Can a breast lift make my breasts appear larger or smaller?
After a mastopexy my patients frequently say that they feel their breasts are one cup size smaller. When you have more skin, the breast lays in your bra loosely and makes it look like it is bigger. You can see this yourself by pulling your breast tissue closer and higher to your chest and look at your size. Frequently you need to remove some of the breast tissue at 6 o'clock as it is out of place and the skin will not hold it up. Removing some of this breast tissue makes it a bit smaller also.
A breast lift will make your breasts look neither larger nor smaller, only perkier. They will be essentially the same size also since the only thing removed is a small amount of skin. It will frequently make the superior pole of the breasts look fuller.

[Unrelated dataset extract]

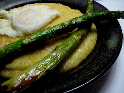 Gorgeous polenta. fresh green asparagus is just a short time away.

A breast lift might make your breasts “look” smaller. The reality is that the actual size of the breasts changes minimally from a breast lift. No breast tissue is usually removed and the amount of skin that is removed doesn’t contribute much to the total volume. There may be a visual illusion when you’re without a top on that the breasts have gotten smaller. The reason is this: You’re used to looking at the breasts in a mirror. You see the long vertical distance from the sag and the width from the flatness. After the lift, the breast tissue is raised on the chest wall and shaped more into a cone. In the mirror, the breast doesn’t hang as low and is not as broad. What has happened, that you cannot see in the mirror or in a two dimensional picture, is the increase in projection (perkiness). So the actual volume is about the same but because it is not as broad, long and flat, it might “look” a little smaller.
A.: A breast lift might make your breasts “look” smaller because the preoperative drooping of the lower portion of the breast is improved and the breasts fit differently in a bra. Generally, no breast tissue is removed during a breast lift, only the excess skin, so the breast is actually the same volume after surgery, but has an improved shape. The actual volume is about the same, since the skin adds very little volume to the breast, however the breast may seem to be smaller because it is not as wide and not as sagging at the bottom.
I would suggest that you see a plastic surgeon that you are comfortable with and trust. The surgeon should be certified by the American Board of Plastic Surgery and ideally a member of the American Society for Aesthetic Plastic Surgery (ASAPS). You should discuss your concerns with that surgeon in person.